È il momento decisivo in cui accogliamo l’ispirazione divina. È questo il vero momento in cui avviene la
vittoria e l’adesione alla volontà divina. «Avvenga di me secondo il tuo discorso (Lc 1,38)». Avvenga è in
modo ottativo, esprime un desiderio. L’accoglienza inizia a provocare un risanamento dei senti sensi interni
esterni ed esterni precedentemente pervertiti. L’assenso è sempre un atto di Fiducia in Dio e di
Obbedienza. Non si tratta di capire, ma di accettare di vivere qualcosa che riconosciamo venire da Dio.
Zaccaria aveva voluto capire, in altre parole prendere dall’albero del bene e del male, perciò l’angelo gli si
rivolta contro. Maria, invece, vuole vivere, prende così dall’albero della vita. Per questo con lei l’angelo
continua a parlare in modo luminoso. Ciò che avverrà in lei è opera dello Spirito Santo, non un’opera
umana, infatti supera le nostre forze. Inoltre, Dio poserà su di lei la sua ombra, ovvero ci sarà bisogno che
Dio faccia un’opera nel suo cuore, con cui si incontrerà intimamente nella preghiera.

5. L’Incarnazione.
Cristo accolto, nasce in noi. Diventiamo portatori di Cristo. L’uomo resta libero e di fatto viene liberato,
rientra in sé stesso (cf. Lc 15,20), il suo vero io.

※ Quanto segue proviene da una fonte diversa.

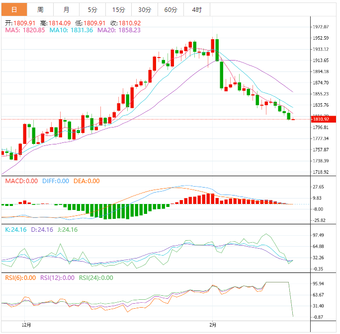 尽管如此,金价跌破一周的水平支撑线1,817美元左右,加入了MACD移动平均线(MACD)指标发出的看跌信号,加强了下行偏见。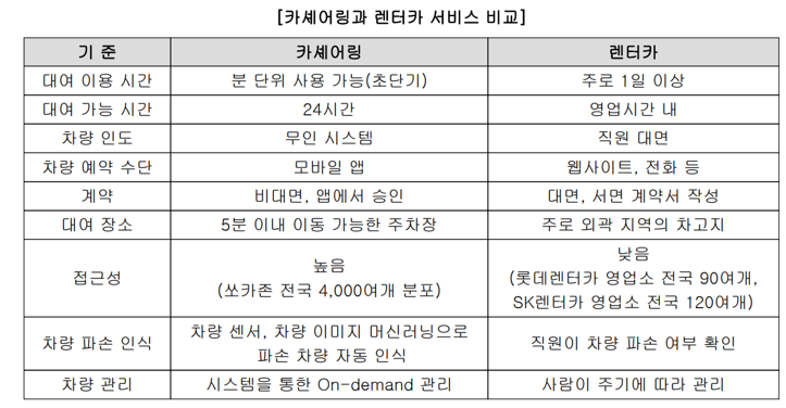 카셰어링과 렌터카 서비스를 비교했을 때 크게 우월한 점이 보이지 않는 게 문제입니다 (출처: 쏘카 증권신고서)

Mentre si sperimenta una liberazione, si sperimentano
anche una crescita di Fede, Speranza, Carità, pace e serenità spirituali. La reiterazione di questa accoglienza
e incarnazione permette di gustare “e vedere” la bontà del Signore.

6. La conferma della Chiesa, la Comunicazione del bene


L’opera dello Spirito Santo in noi è sempre diretta ad un bene per la comunità e mai solo personale. La
comunità ha il compito di confermare e validare l’ispirazione accolta, valutandone i frutti (cf. Lc 1,39ss
“Visitazione”).

7. La gioia, la gratitudine, l’armonia


Dopo segue l’esultanza, che è esplosione di gioia e frutto di un amore che si espande (cf. Lc 1,46 ss
“Magnificat”). Gli esiti sono la lode ed unione con Dio, la gratitudine, la comunione con i fratelli con i quali
siamo in comunione amorosa e di servizio, la pacificazione col creato. Crescono Fede, Speranza e Carità. Si
riconosce la nostra piccolezza di fronte ai frutti che sono fuori dalla portata delle premesse, per cui si
riconosce l’opera di Dio, che è ciò che ci viene chiesto di comunicare alla generazione futura.